#ubuntu-eu 2010-11-21
<mehdi2> hi, anybody with SMF forum experience here?
<mehdi2> apollo13: zed, sorry our forum.ubuntu.ir keeps saying guest account is blocked and don't let us login in anyway! can you please have a look at our DB?
<apollo13> mehdi2: I don't think so, I have no idea of smf, aside from that you do have access to the db yourself, don't you?

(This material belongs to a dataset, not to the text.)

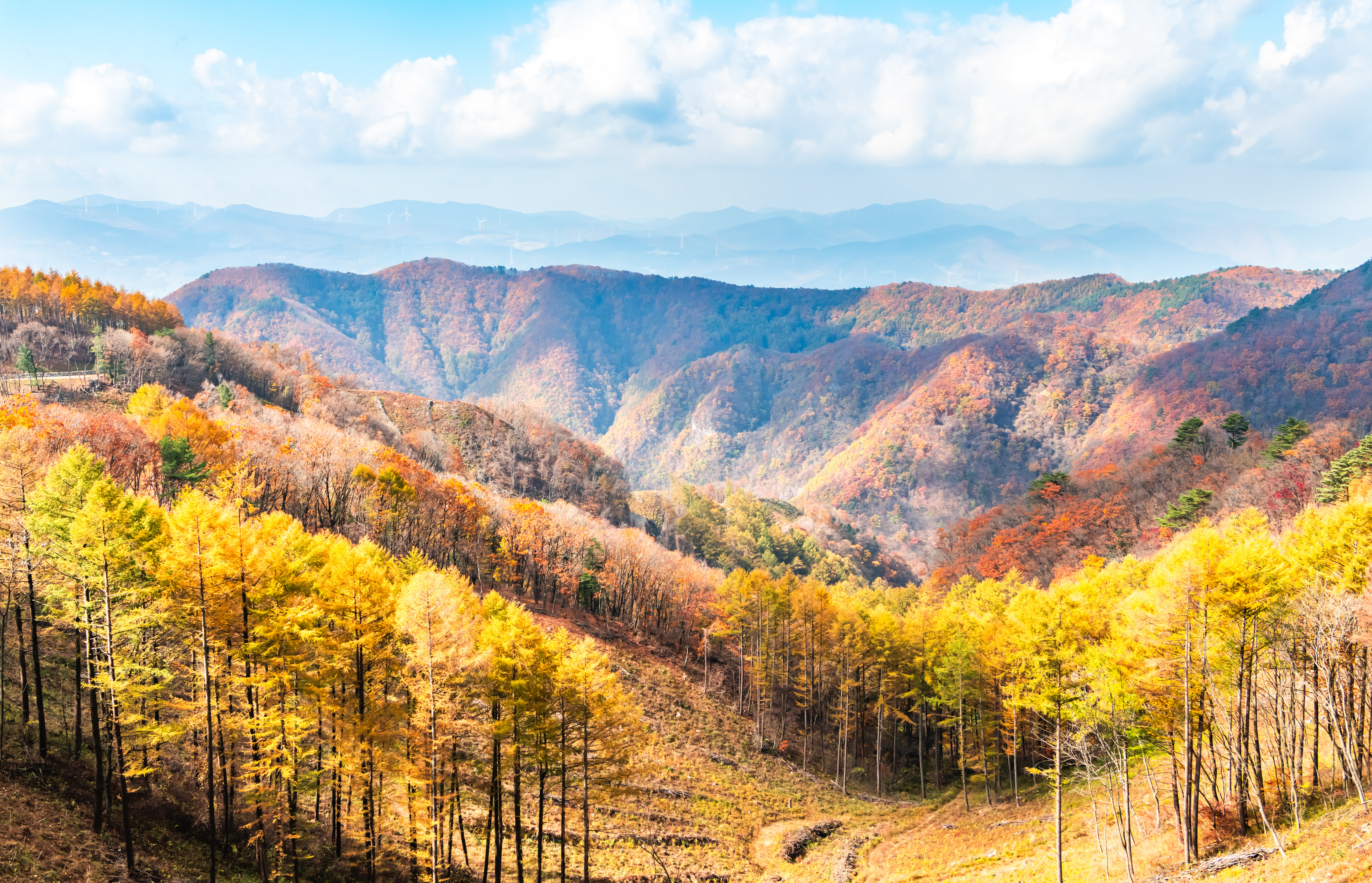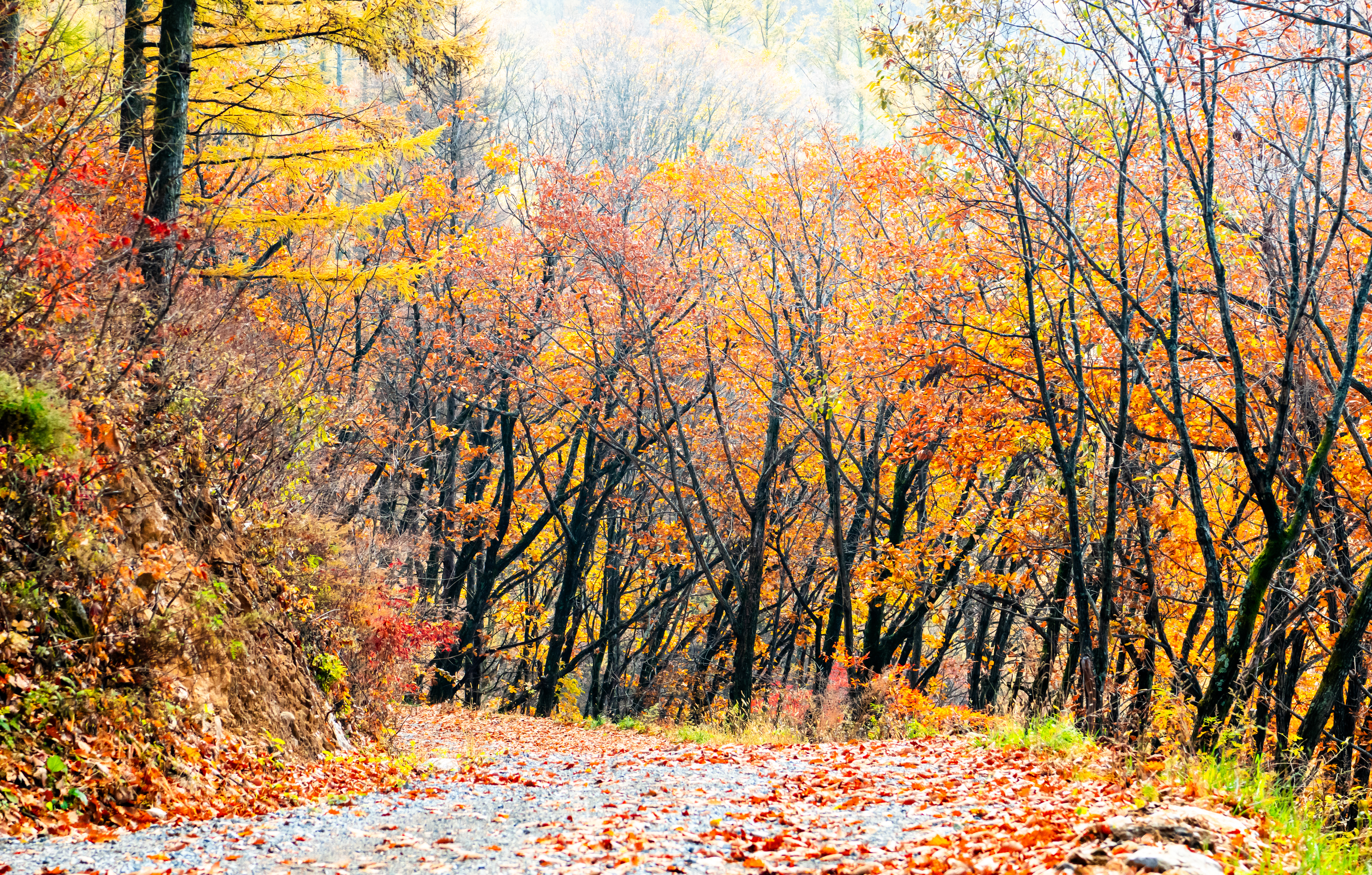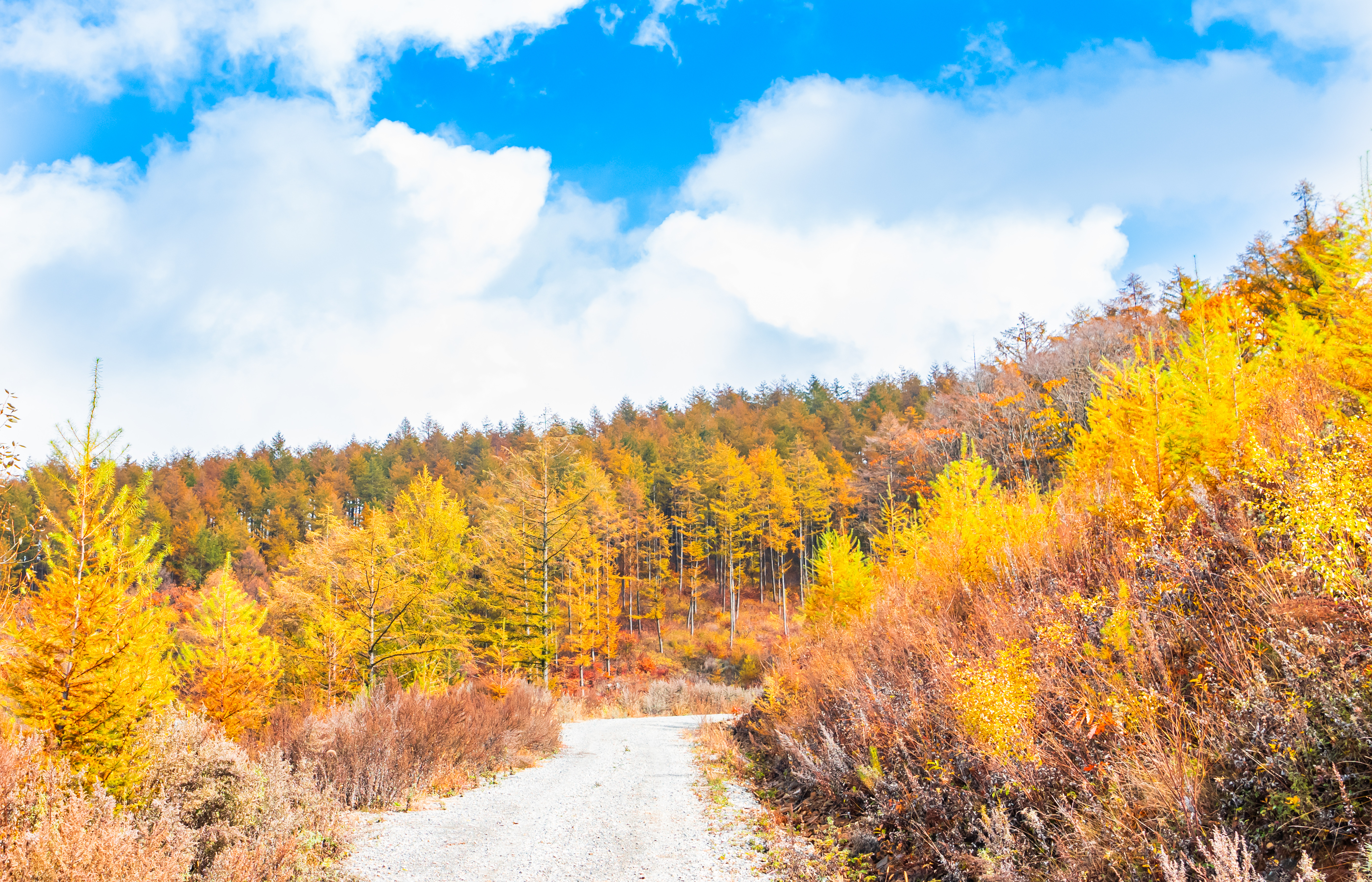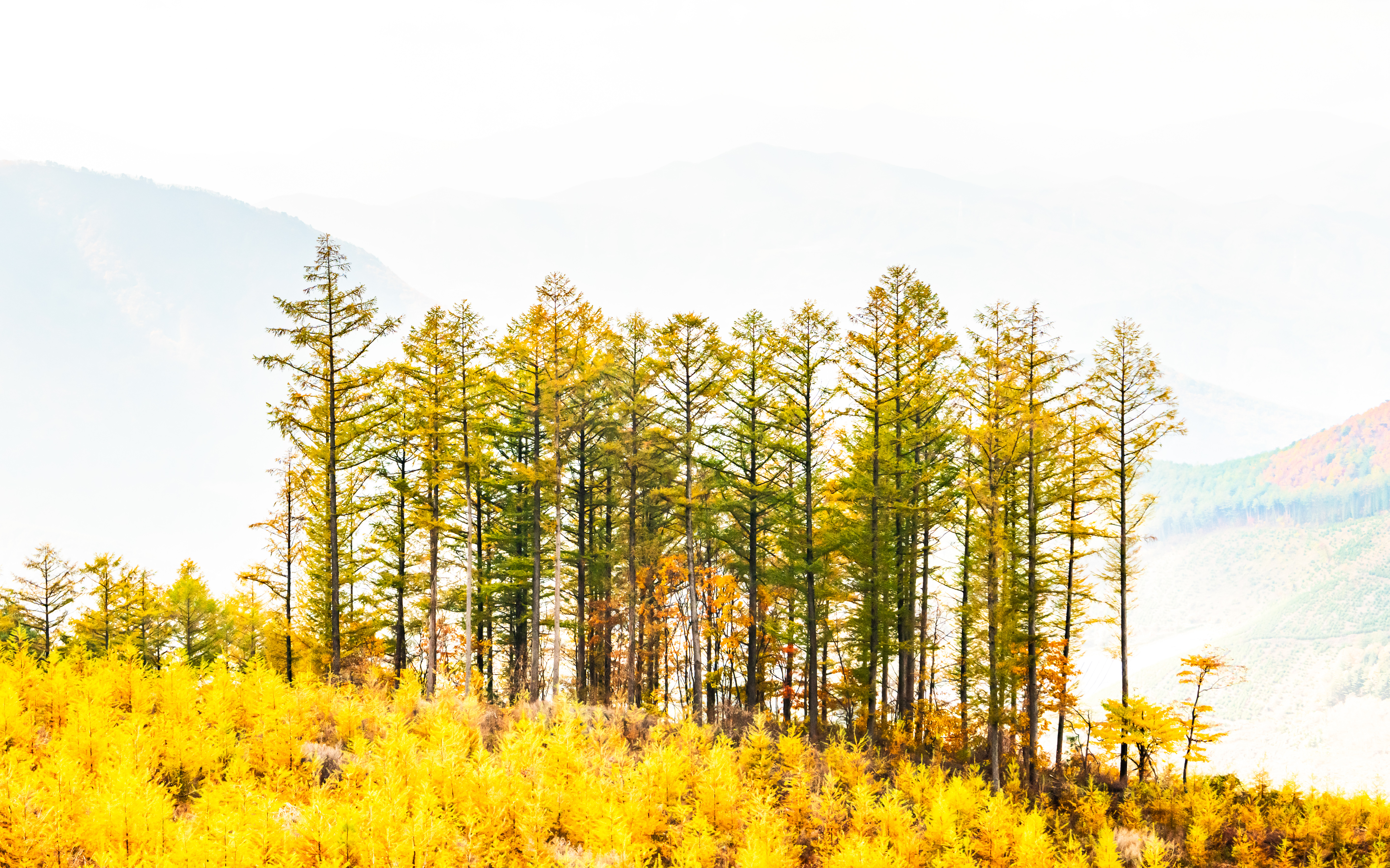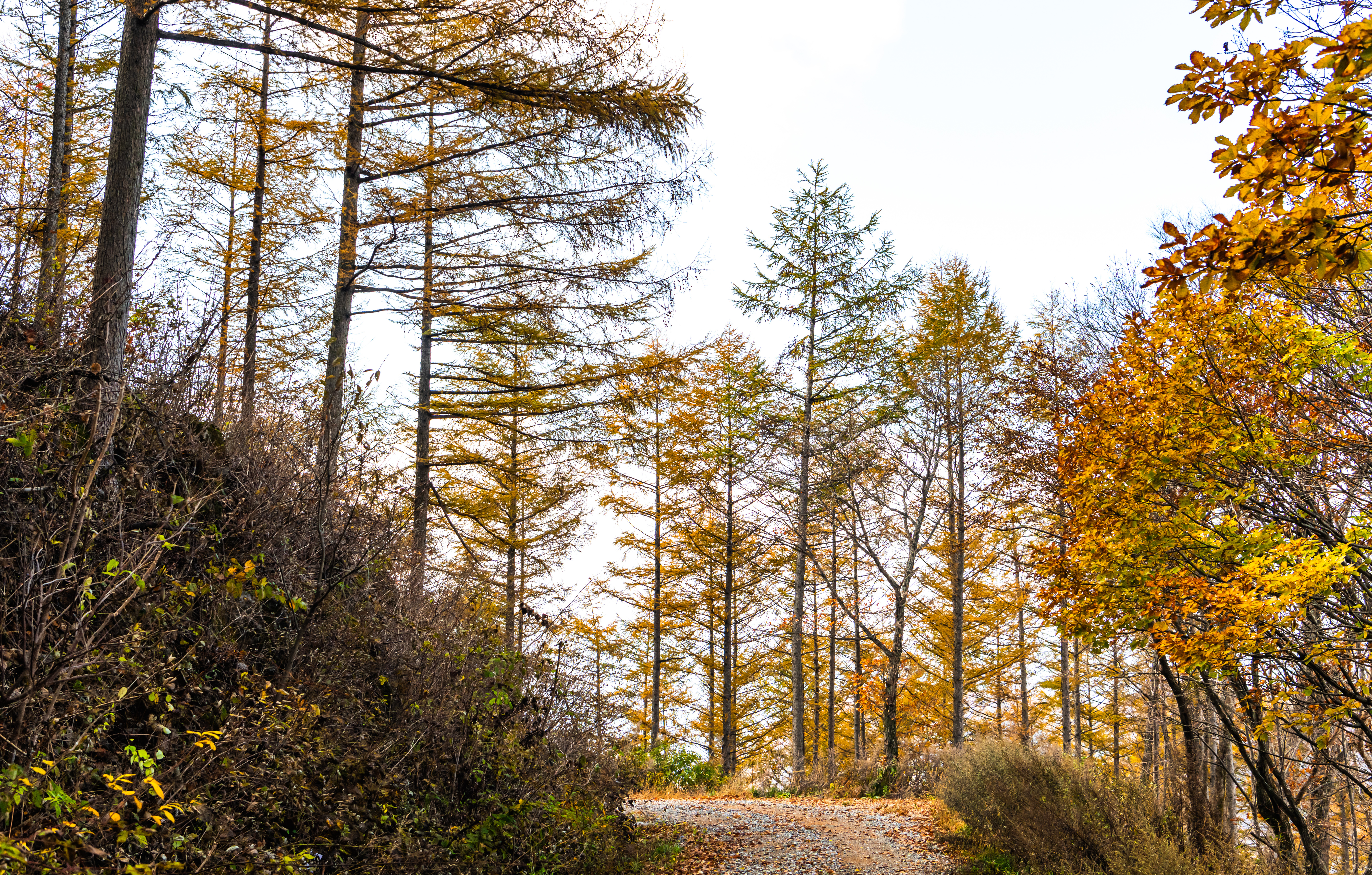 육백산의 노란 낙엽송의 단풍을 기대하였지만, 색상이 그리 예쁘지가 않았다.

<mehdi2> not now, unfortunately!
<mehdi2> I'm on a trip...
<mehdi2> it should be db issue, I guess
<mehdi2> apollo13:
<apollo13> well then we are already two with no secure access currently
<mehdi2> apollo13: so can you take a look in our DB when you have secure connection? I'll be really thankful
<apollo13> mehdi2: a) it won't be today, b) I have no idea what I should do there…
<mehdi2> ok, thanks
<mehdi2> zed: ping
<mehdi2> apollo13: any other people I can ask for help?
<apollo13> no idea
<mehdi2> apollo13: ok, anytime you have access to servers please look in our db logs... maybe mysql "REPAIR TABLE TABLE_NAME" or "OPTIMIZE TABLE" will help...
<mehdi2> is it possible I bypass load balancer to visit our forum? by adding some thing in host file ?
<mehdi2> apollo13: ^
<apollo13> mehdi2: "maybe mysql … will help" won't be enough; aside from the fact that it appears to be a software problem, a crashed table would throw other errors
<mehdi2> apollo13: do you have backups of our db ?
<apollo13> sure
<mehdi2> it should be enough, nothing is changed in software side....
<apollo13> doubt that
<apollo13> looking at google there are more than one software reason for this
<mehdi2> you can see smf_messages table
<apollo13> I already told you I have no access currently, so NO
<mehdi2> ok
#ubuntu-eu 2011-11-14
<Agafonov> zed: hi, is nsset DNS interface working currently?
<apollo13> Agafonov: no it's not, canonical manages domains by now
<apollo13> Agafonov: you needto get in contact with them